_Task instructions_
Without including any pictures, reproduce the full listing exactly.

[Material to process]

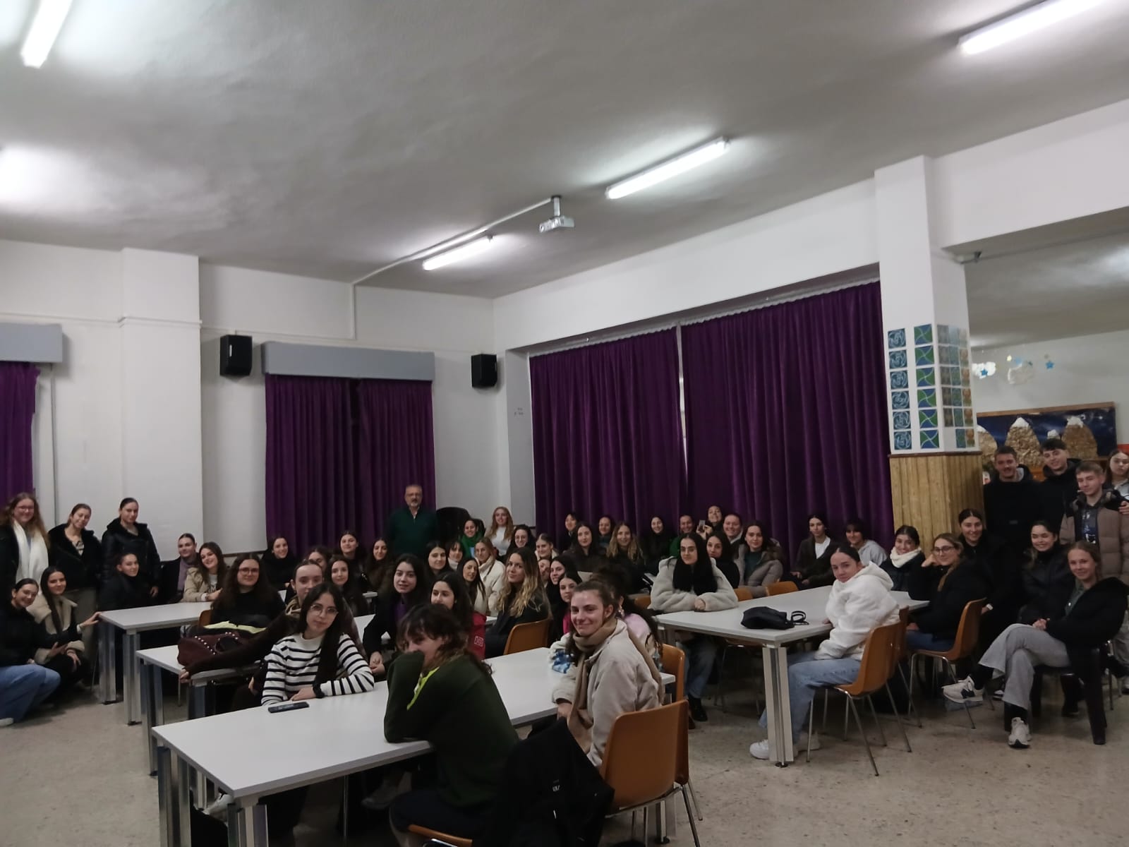 La jornada comenzó a las 9:30 con la llegada del alumnado al Salón de Actos del centro, donde fueron recibidos por el Director del colegio con un cordial saludo de bienvenida. A continuación, se desarrollaron sesiones breves y dinámicas sobre “La educación para la paz en Primaria y Secundaria”, en las que se explicaron de manera clara y práctica los mecanismos que el colegio utiliza para prevenir, evitar y resolver conflictos, así como para promover un compromiso activo con la paz. Las explicaciones se adaptaron al contexto real del centro, mostrando cómo su carácter intercultural, interconfesional e intergeneracional sirve como base para fomentar actitudes de respeto y convivencia pacífica entre el alumnado, que proviene de más de veinte nacionalidades distintas.
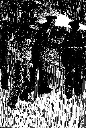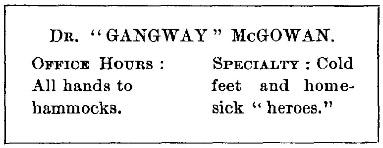 As I write it seems as if I can hear the shrill whistle of the bo'sn's pipe sounding in all parts of the old wooden ship, then the long drawn call "all hands on deck." The men come tumbling up from below, touching their caps in salute as their heads rise above the hatch coaming. Men standing in battalion formation, by divisions, at attention, each man answers "here" as his name is called. Some of the voices are a little husky as the speaker realizes that war is on and he is about to be called for real service.
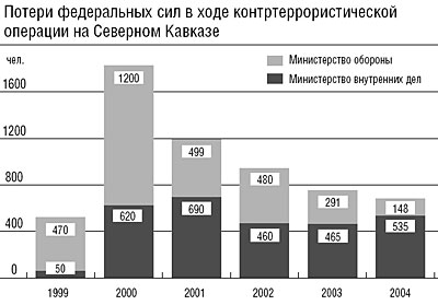 Министр обороны рассказал, что в результате целенаправленных действий по переводу армии на контрактную основу неуклонно с каждым годом сокращается число погибших в Чечне. Он привел оптимистичную статистику: в 2001 году в Чечне погибли 490 человек, в 2002-м — 480, в 2003-м — 290. За 10 месяцев 2003 года российская армия потеряла в Чечне всего 140 человек. Еще лет через десять войны в Чечне число погибших контрактников, наверное, и вовсе сократится до необходимого минимума.
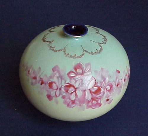 Title (ebay affiliate link): Small Vintage Hand Painted Vase Delicate Pastel Miniature Boulbous Orb Style
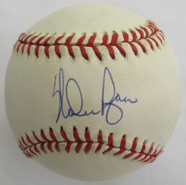 Rawlings Official American League Baseball. Hand-signed by Nolan Ryan (Texas Rangers, HOF). Please note, the baseball is naturally toned.
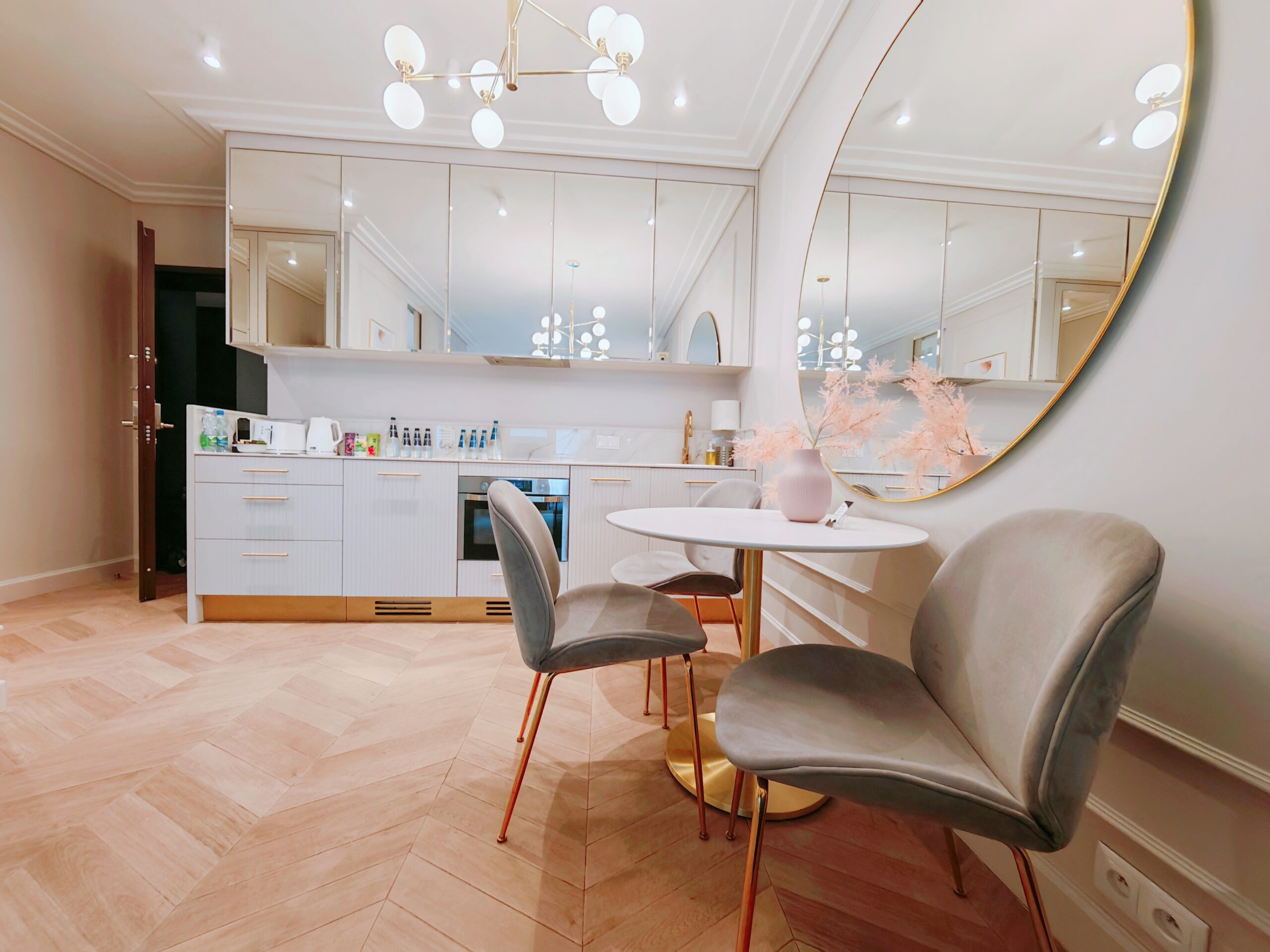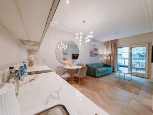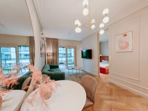 Goście mają do dyspozycji elegancką łazienkę z prysznicem i dużym lustrem, a na ich powitanie czekać będą starannie przygotowane zestawy startowe. W przestronnym salonie znajduje się część wypoczynkowa sprzyjająca relaksowi, a także w pełni wyposażony aneks kuchenny z minibarem, idealny na poranną kawę lub wieczorne spotkanie.
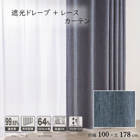 コーナンオリジナル LIFELEX 遮光4枚組カーテン 約幅100×丈178cm レース丈約176cm ネイビー 幅100×丈178cm
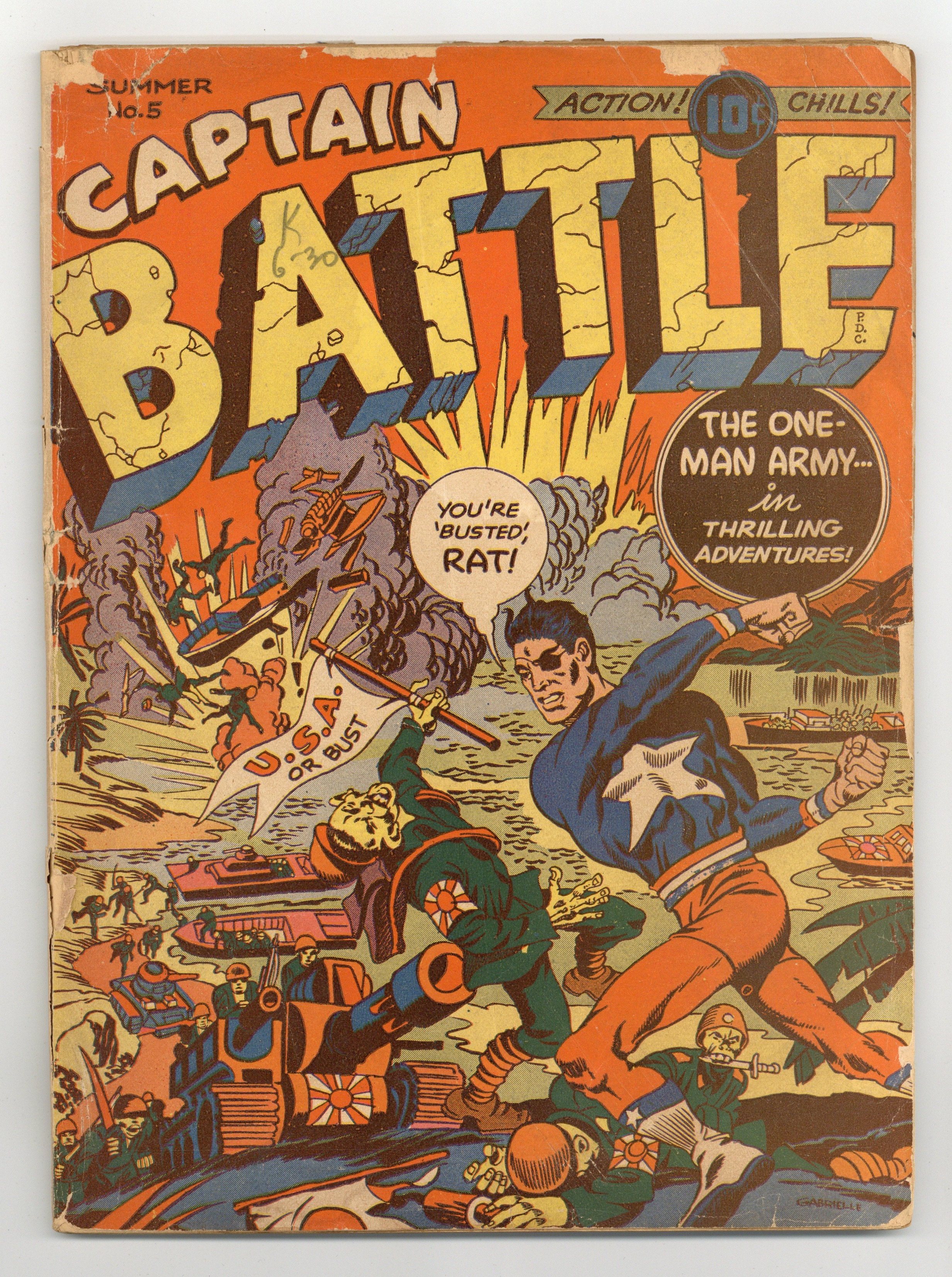 Cover by Al Gabrielle. Stories and art by Frank Borth, George Mandel, Jay Diger, Nathaniel Nitkin, Dennis Neville, Jack Warren and Don Rico. There was no issue #4; this issue features reprints of Captain Battle (1941) 1st Series #1. WWI veteran John Battle uses his advanced tech to battle fascism in WWII Europe. Undercover Man uses his talent for disguise to track and capture criminals. A lab accident transforms Yugoslavian scientist Basil Brusilof into the superhero Blackout. Captain Battle Conquers the Nazi Terror; Savior of Chungking; The League of Hooded Men; Drums Over Africa; Undercover Man; Gunner and Gupey; Avenger of the War Victims. Final issue of the series. 64 pages, Full Color. Cover price $0.10. Grade: PR 0.5 explanation of grade Condition: Used (collectible)
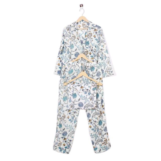 อินเดียมือบล็อกดอกไม้พิมพ์ผู้หญิงผ้าฝ้ายชุดนอนเซ็กซี่ชุดแขนยาวชุดราตรีฤดูร้อนสวมเสื้อและกางเกง PJ ชุด
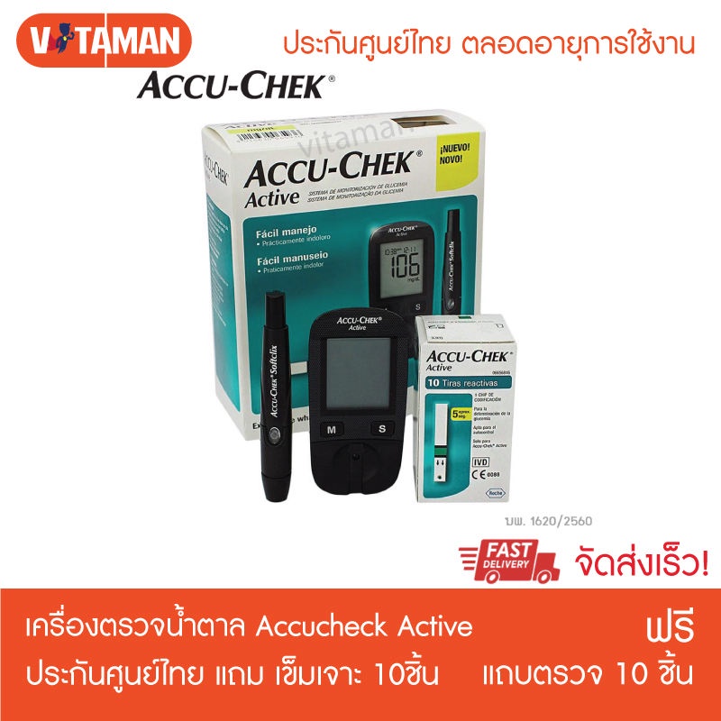 Accuchek Active เครื่องตรวจน้ำตาล แถมเข็มเจาะปลายนิ้ว 10ชิ้น แถบตรวจ10 ชิ้น ประกันศูนย์ไทย
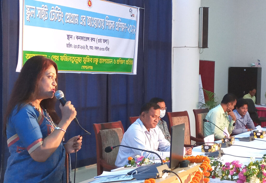 শিক্ষার্থীদের চক্ষু রোগ সম্পর্কে সচেতন ও লক্ষণ দেখে দ্রুত চিকিৎসার ব্যবস্থা করার লক্ষ্য নিয়ে গোপালগঞ্জে অনুষ্ঠিত হয়েছে স্কুল সাইট টেস্টিং প্রোগ্রামের আওতায় শিক্ষক প্রশিক্ষণ কর্মশালা । গোপালগঞ্জের  শেখ ফজিলাতুন্নেছা মুজিব চক্ষু হাসপাতাল ও প্রশিক্ষণ প্রতিষ্ঠান এ প্রশিক্ষণ কর্মসূচীর আয়োজন করে।
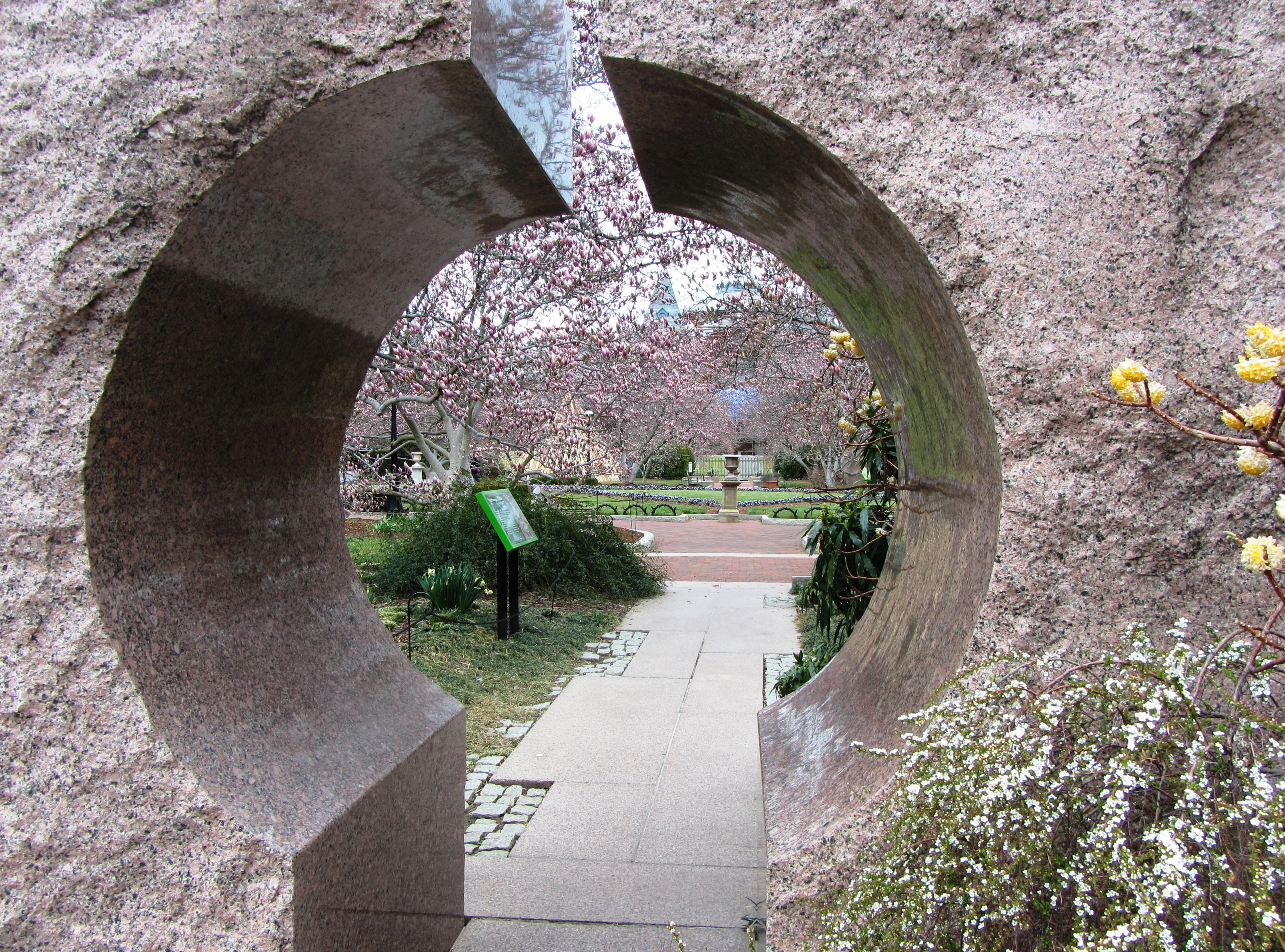 Hi Carol, thanks for your visit and question. The photo was taken at the Moongate Garden, which is pictured and discussed at the right margin of this linked page (scroll down and keep looking to the right until you get to Moongate Garden). You probably will be able to recognize the aerial view of the gate pictured. The home page at that link has some excellent visitor info about the Smithsonian’s many lovely gardens, which are often overlooked in the shadows of the more famous museums in their midst. I hope you have a wonderful trip!
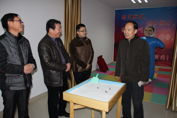 “阳光苑”心理咨询中心是泰兴市未成年人心理辅导基地,省文明卫生城市创建检查组成员对基地接待室、心理咨询室及沙盘室、心理宣泄室和团体辅导活动室等各个功能室及工作流程进行了详细了解,并检查了有关台账资料。检查组成员对中心所开展的工作及取得的成绩表示赞赏,同时对功能室的部分设施摆布提出了合理建议。
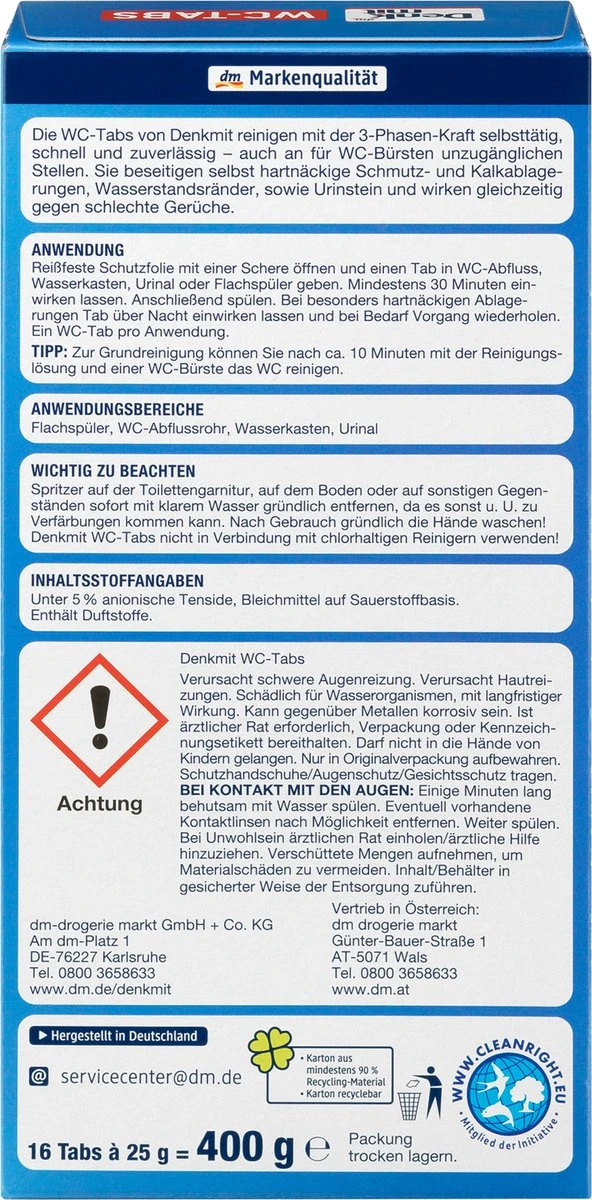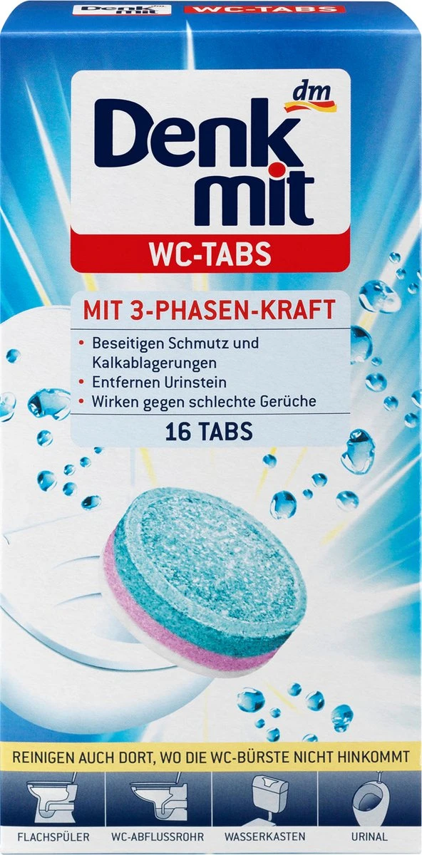 Avec leur alimentation triphasée, les tablettes de toilette Denkmit nettoient automatiquement, rapidement et de manière fiable – même dans les endroits inaccessibles aux brosses de toilette.

[/Material to process]

_Solution for this task_
 La jornada comenzó a las 9:30 con la llegada del alumnado al Salón de Actos del centro, donde fueron recibidos por el Director del colegio con un cordial saludo de bienvenida. A continuación, se desarrollaron sesiones breves y dinámicas sobre “La educación para la paz en Primaria y Secundaria”, en las que se explicaron de manera clara y práctica los mecanismos que el colegio utiliza para prevenir, evitar y resolver conflictos, así como para promover un compromiso activo con la paz. Las explicaciones se adaptaron al contexto real del centro, mostrando cómo su carácter intercultural, interconfesional e intergeneracional sirve como base para fomentar actitudes de respeto y convivencia pacífica entre el alumnado, que proviene de más de veinte nacionalidades distintas.
 As I write it seems as if I can hear the shrill whistle of the bo'sn's pipe sounding in all parts of the old wooden ship, then the long drawn call "all hands on deck." The men come tumbling up from below, touching their caps in salute as their heads rise above the hatch coaming. Men standing in battalion formation, by divisions, at attention, each man answers "here" as his name is called. Some of the voices are a little husky as the speaker realizes that war is on and he is about to be called for real service.
 Министр обороны рассказал, что в результате целенаправленных действий по переводу армии на контрактную основу неуклонно с каждым годом сокращается число погибших в Чечне. Он привел оптимистичную статистику: в 2001 году в Чечне погибли 490 человек, в 2002-м — 480, в 2003-м — 290. За 10 месяцев 2003 года российская армия потеряла в Чечне всего 140 человек. Еще лет через десять войны в Чечне число погибших контрактников, наверное, и вовсе сократится до необходимого минимума.
 Title (ebay affiliate link): Small Vintage Hand Painted Vase Delicate Pastel Miniature Boulbous Orb Style
 Rawlings Official American League Baseball. Hand-signed by Nolan Ryan (Texas Rangers, HOF). Please note, the baseball is naturally toned.
 Goście mają do dyspozycji elegancką łazienkę z prysznicem i dużym lustrem, a na ich powitanie czekać będą starannie przygotowane zestawy startowe. W przestronnym salonie znajduje się część wypoczynkowa sprzyjająca relaksowi, a także w pełni wyposażony aneks kuchenny z minibarem, idealny na poranną kawę lub wieczorne spotkanie.
 コーナンオリジナル LIFELEX 遮光4枚組カーテン 約幅100×丈178cm レース丈約176cm ネイビー 幅100×丈178cm
 Cover by Al Gabrielle. Stories and art by Frank Borth, George Mandel, Jay Diger, Nathaniel Nitkin, Dennis Neville, Jack Warren and Don Rico. There was no issue #4; this issue features reprints of Captain Battle (1941) 1st Series #1. WWI veteran John Battle uses his advanced tech to battle fascism in WWII Europe. Undercover Man uses his talent for disguise to track and capture criminals. A lab accident transforms Yugoslavian scientist Basil Brusilof into the superhero Blackout. Captain Battle Conquers the Nazi Terror; Savior of Chungking; The League of Hooded Men; Drums Over Africa; Undercover Man; Gunner and Gupey; Avenger of the War Victims. Final issue of the series. 64 pages, Full Color. Cover price $0.10. Grade: PR 0.5 explanation of grade Condition: Used (collectible)
 อินเดียมือบล็อกดอกไม้พิมพ์ผู้หญิงผ้าฝ้ายชุดนอนเซ็กซี่ชุดแขนยาวชุดราตรีฤดูร้อนสวมเสื้อและกางเกง PJ ชุด
 Accuchek Active เครื่องตรวจน้ำตาล แถมเข็มเจาะปลายนิ้ว 10ชิ้น แถบตรวจ10 ชิ้น ประกันศูนย์ไทย
 শিক্ষার্থীদের চক্ষু রোগ সম্পর্কে সচেতন ও লক্ষণ দেখে দ্রুত চিকিৎসার ব্যবস্থা করার লক্ষ্য নিয়ে গোপালগঞ্জে অনুষ্ঠিত হয়েছে স্কুল সাইট টেস্টিং প্রোগ্রামের আওতায় শিক্ষক প্রশিক্ষণ কর্মশালা । গোপালগঞ্জের  শেখ ফজিলাতুন্নেছা মুজিব চক্ষু হাসপাতাল ও প্রশিক্ষণ প্রতিষ্ঠান এ প্রশিক্ষণ কর্মসূচীর আয়োজন করে।
 Hi Carol, thanks for your visit and question. The photo was taken at the Moongate Garden, which is pictured and discussed at the right margin of this linked page (scroll down and keep looking to the right until you get to Moongate Garden). You probably will be able to recognize the aerial view of the gate pictured. The home page at that link has some excellent visitor info about the Smithsonian’s many lovely gardens, which are often overlooked in the shadows of the more famous museums in their midst. I hope you have a wonderful trip!
 “阳光苑”心理咨询中心是泰兴市未成年人心理辅导基地,省文明卫生城市创建检查组成员对基地接待室、心理咨询室及沙盘室、心理宣泄室和团体辅导活动室等各个功能室及工作流程进行了详细了解,并检查了有关台账资料。检查组成员对中心所开展的工作及取得的成绩表示赞赏,同时对功能室的部分设施摆布提出了合理建议。
 Avec leur alimentation triphasée, les tablettes de toilette Denkmit nettoient automatiquement, rapidement et de manière fiable – même dans les endroits inaccessibles aux brosses de toilette.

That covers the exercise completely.